MÍDIA CENTER

Colegiado realiza audiência pública sobre saúde, doenças vetoriais e meio ambiente

Publicado em: 11/09/2019 23:10
Setor responsável: Notícia

NeuzaMenezes/AgênciaALBA
A Comissão de Meio Ambiente e Recursos Hídricos da Assembleia realizou, nesta quarta-feira (11), audiência pública sobre saúde, doenças vetoriais e meio ambiente. No evento, proposto pelo presidente do colegiado, José de Arimateia (Republicanos) e que reuniu especialistas da área de saúde, gestores e representantes da sociedade civil, ficou evidente a urgência de investimento em ações de saneamento básico e desenvolvimento social, assim como ações integradas e campanhas de conscientização sobre educação ambiental na Bahia.

Participaram da mesa de debate, além do deputado proponente, o técnico da área ambiental da Diretoria de Vigilância Sanitária e Ambiental do Estado (Divida), Rui Murici; a coordenadora do Programa de pós-graduação em Saúde, Ambiente e Trabalho da Faculdade de Medicina na Ufba, Rita da Cássia Franco Rego; o médico infectologista e epidemiologista, professor da Faculdade de Medicina da Ufba e pesquisador em Saúde Pública da Fiocruz, Guilherme de Souza; e Daniel Viana, representando o secretário de Saúde de Salvador, Leo Prates.

Dados coletados em fevereiro deste ano, dão conta de 2.592 casos prováveis de dengue, 107 de chikungunya e 27 de zika. Em comparação com o mesmo período de 2018, houve um aumento de 226% para os casos prováveis de dengue, redução de 82,1% para os casos suspeitos de zika e redução de 53,6% para os casos suspeitos de chikungunya. 

Um dos palestrantes da audiência, o médico infectologista e epidemiologista, professor da Faculdade de Medicina da Ufba e pesquisador em Saúde Pública da Fiocruz, Guilherme de Souza Ribeiro falou sobre as razões de surgimento das arboviroses como problemas de saúde pública, entre elas a rápida urbanização no Brasil, com o crescimento desorganizado das cidades e a insuficiência do serviço de saneamento básico. Também o uso indiscriminado de inseticida foi apontado como uma prática promovedora de desequilíbrio ambiental. “Há um grande comércio desses produtos em condomínios, hotéis e bairros de luxo da cidade, que borrifam o inseticida à vontade”, conta. 

Entre as estratégias utilizadas para enfrentar o problema, Guilherme sugeriu, além do combate ao vetor, o investimento nas áreas de educação e na mobilização social, ações intersetoriais para a redução da desigualdade social, melhoria das questões ambientais e do saneamento básico, e suporte para os setores de pesquisa, ciência e tecnologia.

Coube à coordenadora do Programa de pós-graduação em Saúde, Ambiente e Trabalho da Faculdade de Medicina na Ufba, Rita Franco Rego, discorrer sobre Saneamento e zika no Brasil.
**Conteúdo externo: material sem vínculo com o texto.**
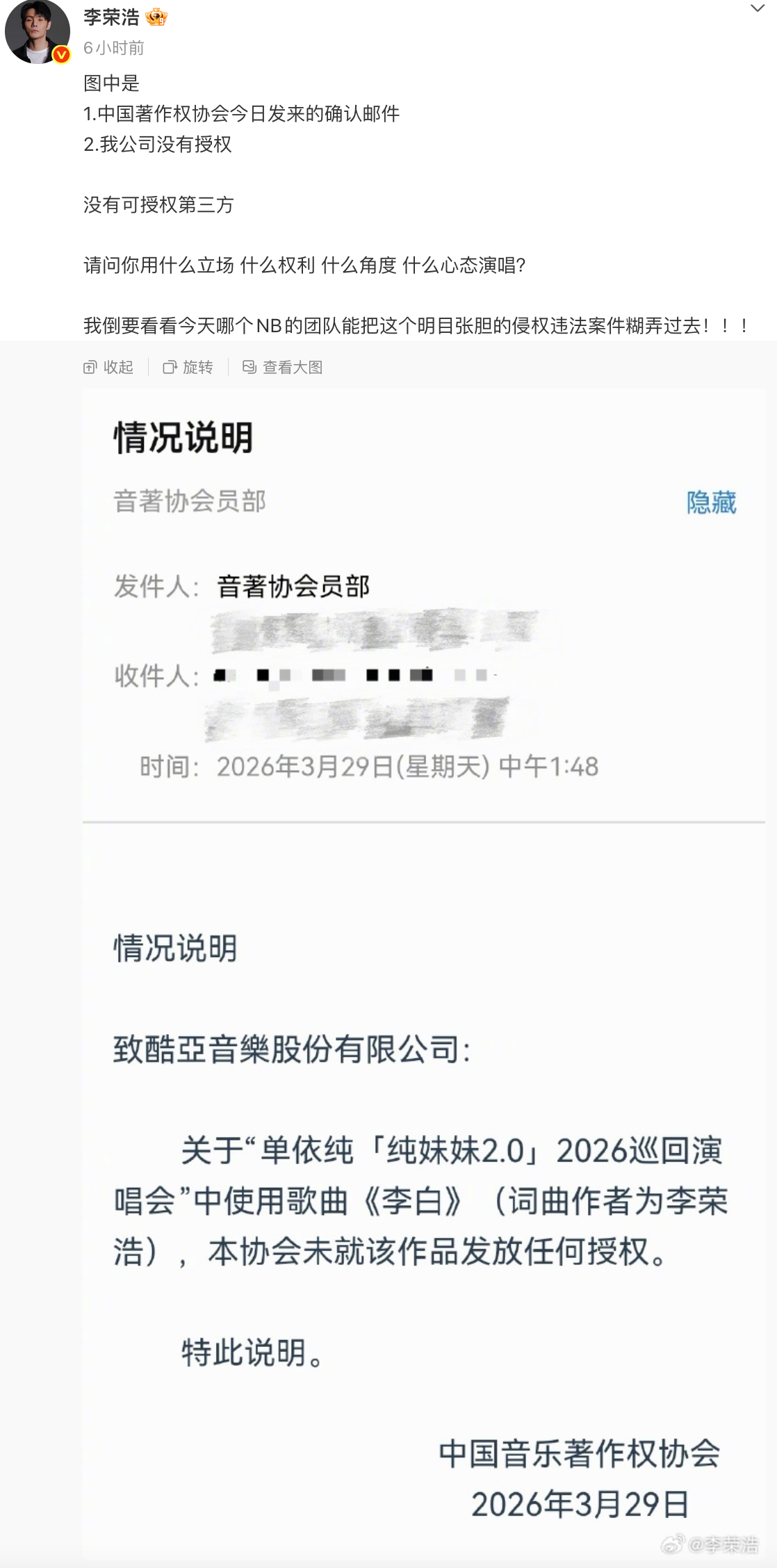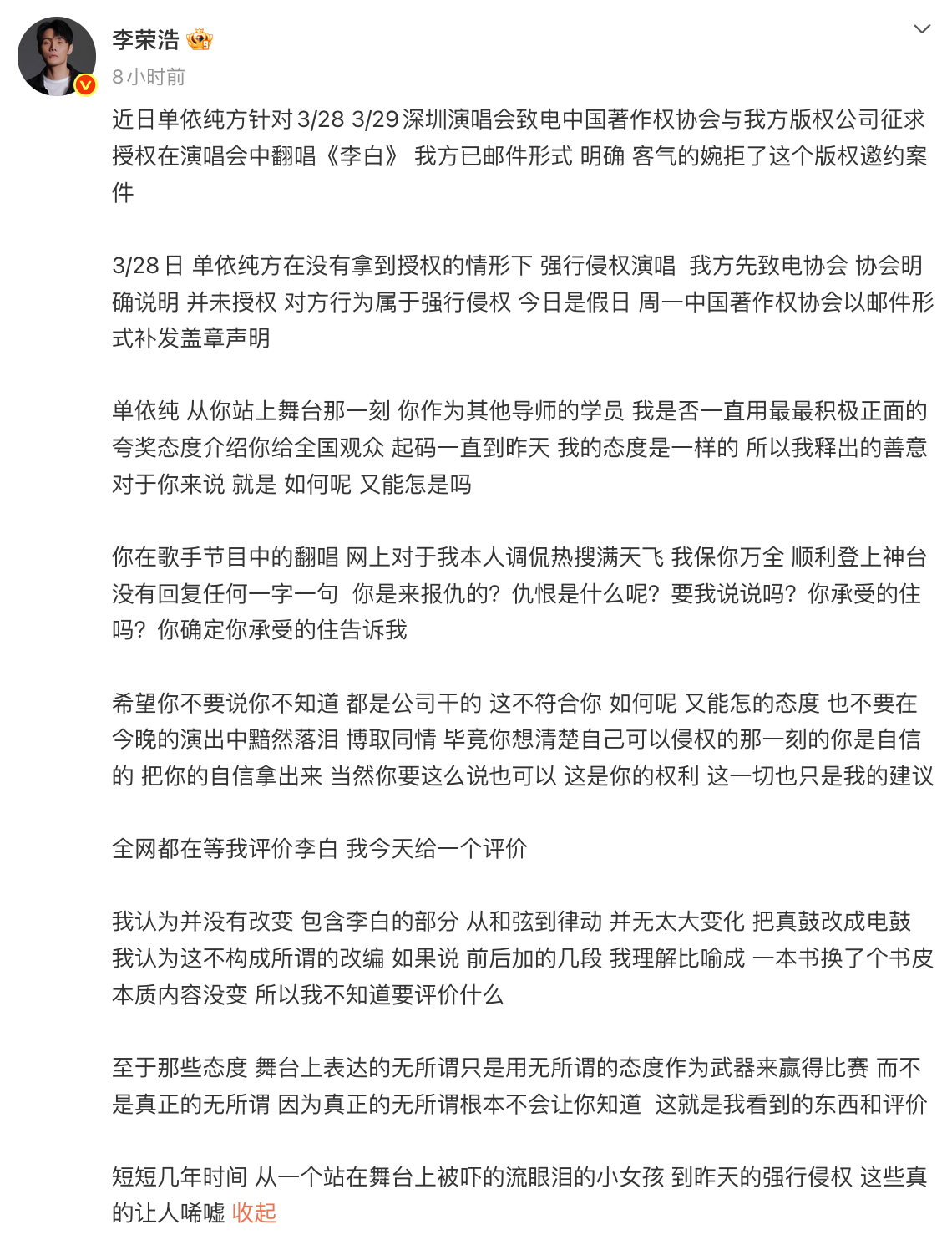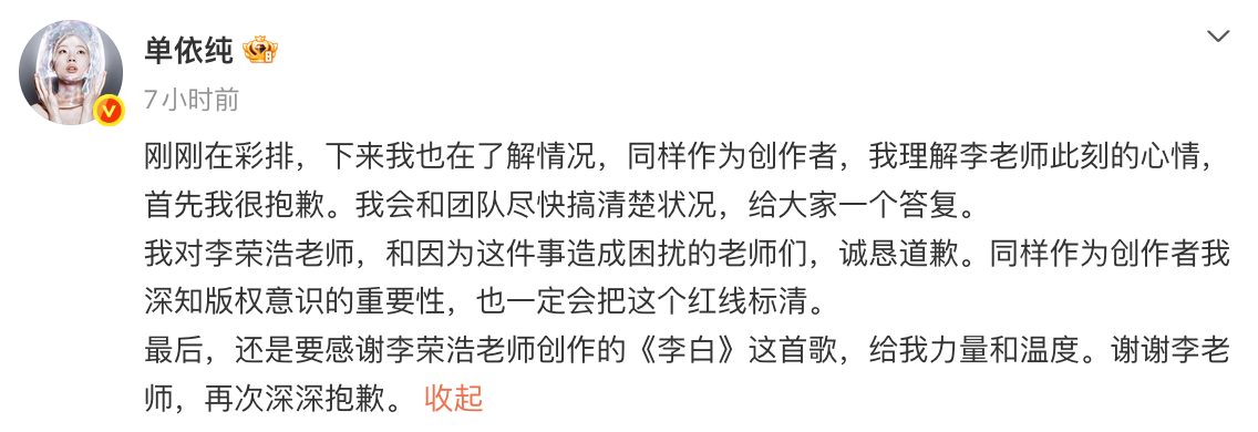 前一晚,她在首场演唱会未经授权翻唱李荣浩的《李白》,引发原唱不满。今天下午,李荣浩公开“四连问”质疑单依纯“你用什么立场、什么权利、什么角度、什么心态演唱?”。并且称早已邮件婉拒其翻唱授权,但对方仍执意强行侵权,目前李荣浩方已向中国音乐著作权协会反映情况。随后单依纯发文致歉,称会和团队尽快核实、明确版权红线。
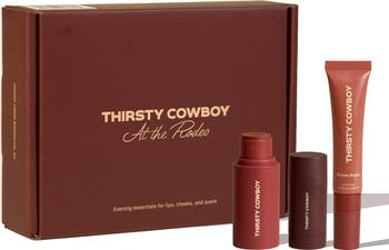 How to use: Swipe on Lip Syrup for instant hydration, sheer color, and high-shine gloss. Layer for a deeper tint. Apply Toasted Tint to cheeks with fingertips or a brush. Blend out for a sheer tint, or layer for more color. Finish by applying Cowboy Stick to your neck and wrists.
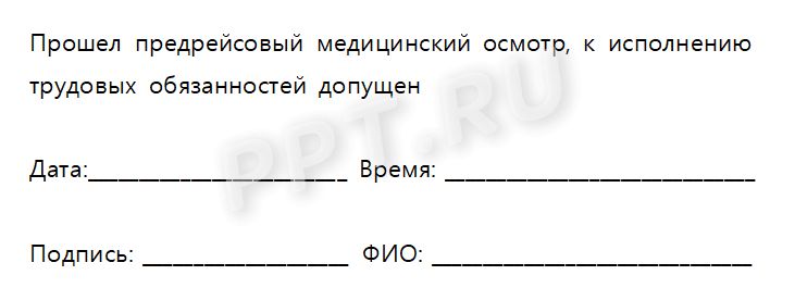 «Прошел предрейсовый медицинский осмотр, к исполнению трудовых обязанностей допущен».
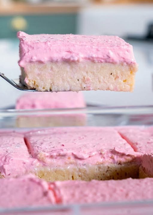 - Assemble and Serve: Once the cake has fully absorbed the strawberry milk, spoon the strawberry whipped topping onto the cake and spread it into an even layer. Decorate with fresh strawberries as desired. Serve chilled.

Ela aproveitou para cobrar aos parlamentares a regulamentação das leis instituem a política estadual de saneamento básico e a  política estadual de resíduo sólido.

Entre os parlamentares presentes, Osni Cardoso (PT) propôs a introdução e ampliação de debates sobre transição ecológica “e que essa discussão não pare aqui e não seja só pra nós, que chegue massivamente à sociedade para que todos saibam a importância de se cuidar”.


 DOENÇAS VETORIAIS

Para José de Arimateia, o sucesso no combate às doenças vetoriais depende, principalmente, da integração dos poderes públicos, instituições e sociedade. Segundo o parlamentar, as aulas de educação ambiental, nas escolas municipais e estaduais, são fundamentais para a conscientização do público, a partir do alinhamento com a União dos Municípios da Bahia. Também enfatizou a necessidade de elaboração de projeto de lei para o controle do Estado no que tange à utilização dos inseticidas utilizados pelas empresas privadas.